The more interesting architectures are the ones that look like organisations. Specialised agents. Persistent, human-readable state. Coordination through boring file primitives rather than through elaborate frameworks. A meta-agent whose job is to know what is going on, so that the human does not have to hold it all in their head.

None of this requires exotic technology. My entire fleet runs on Claude Code, a Raspberry Pi, a handful of Python hooks, a MySQL database, and several thousand lines of markdown. The interesting work is in the design, not the infrastructure.

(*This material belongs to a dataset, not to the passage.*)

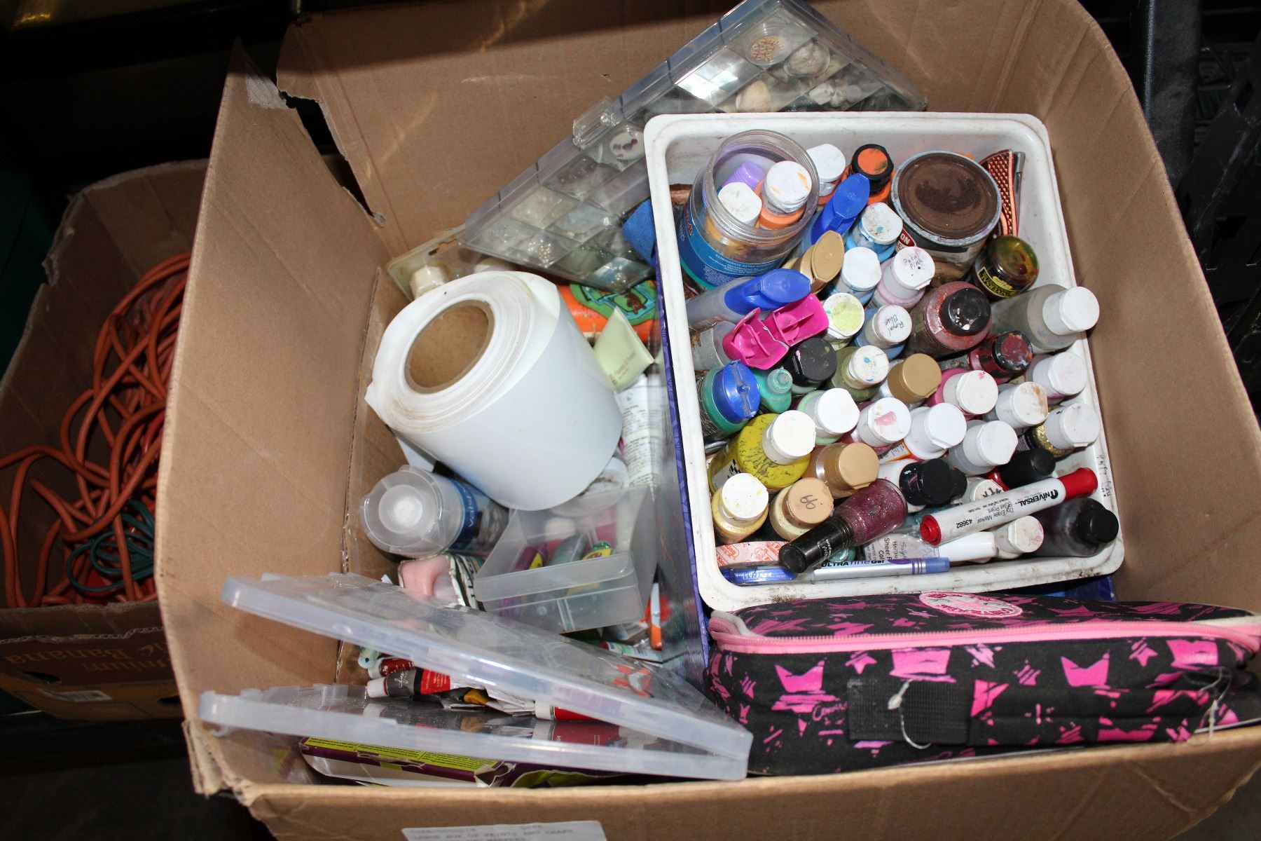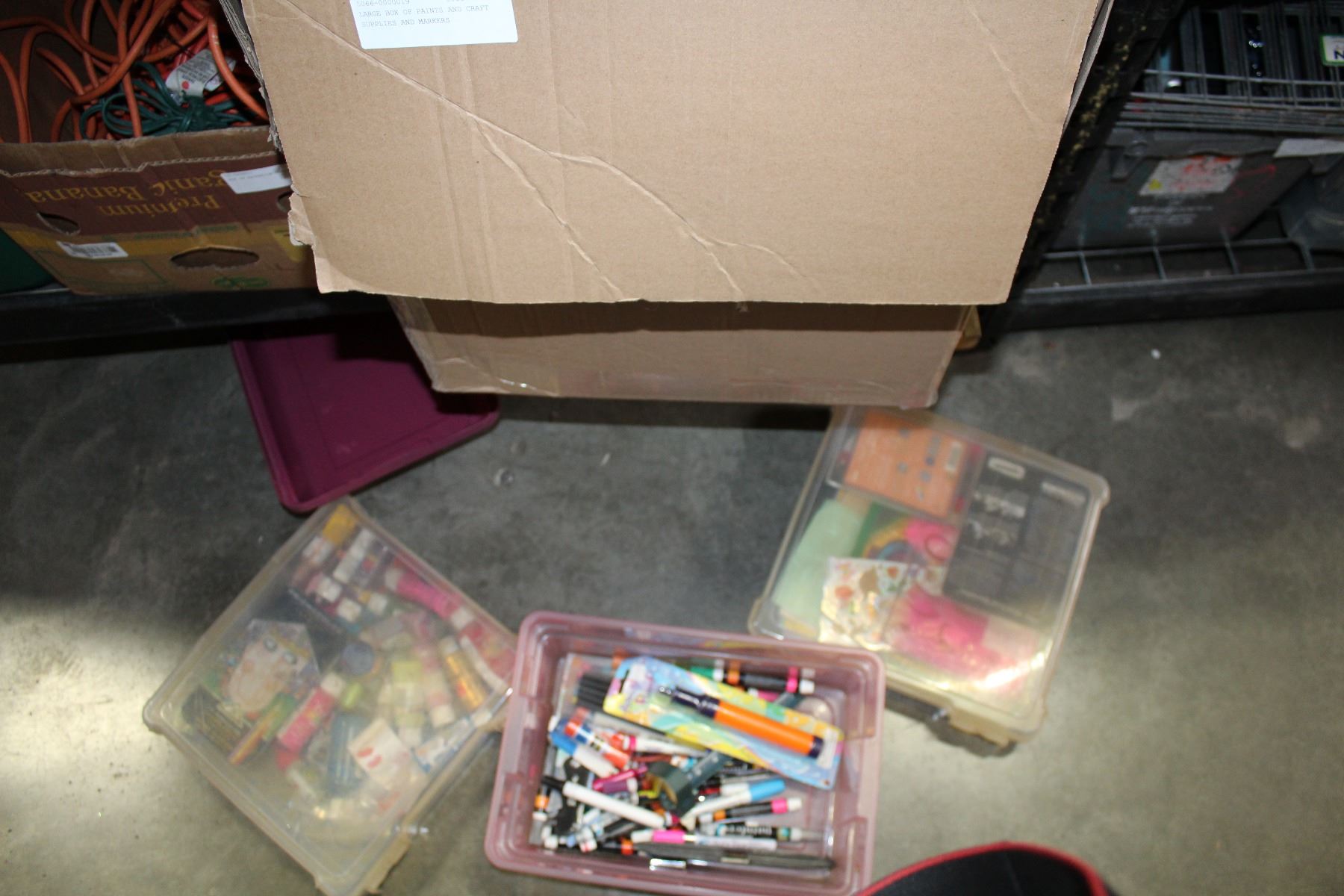 LARGE BOX OF PAINTS AND CRAFT SUPPLIES AND MARKERS

I talk to clients about Claude AI for a living. The first question I am usually asked is how to stop one large conversation from devolving into confusion over the course of a working week. The honest answer is that you probably should not be trying. Break the work into roles. Give each role a character, a memory, and a remit. Let them talk to each other the way a real team would — briefly, in writing, and only when it matters. Put someone in charge of noticing when things are on fire.

In my case, that someone smells of cigarettes and last night's curry, and he is, against all odds, extremely good at it.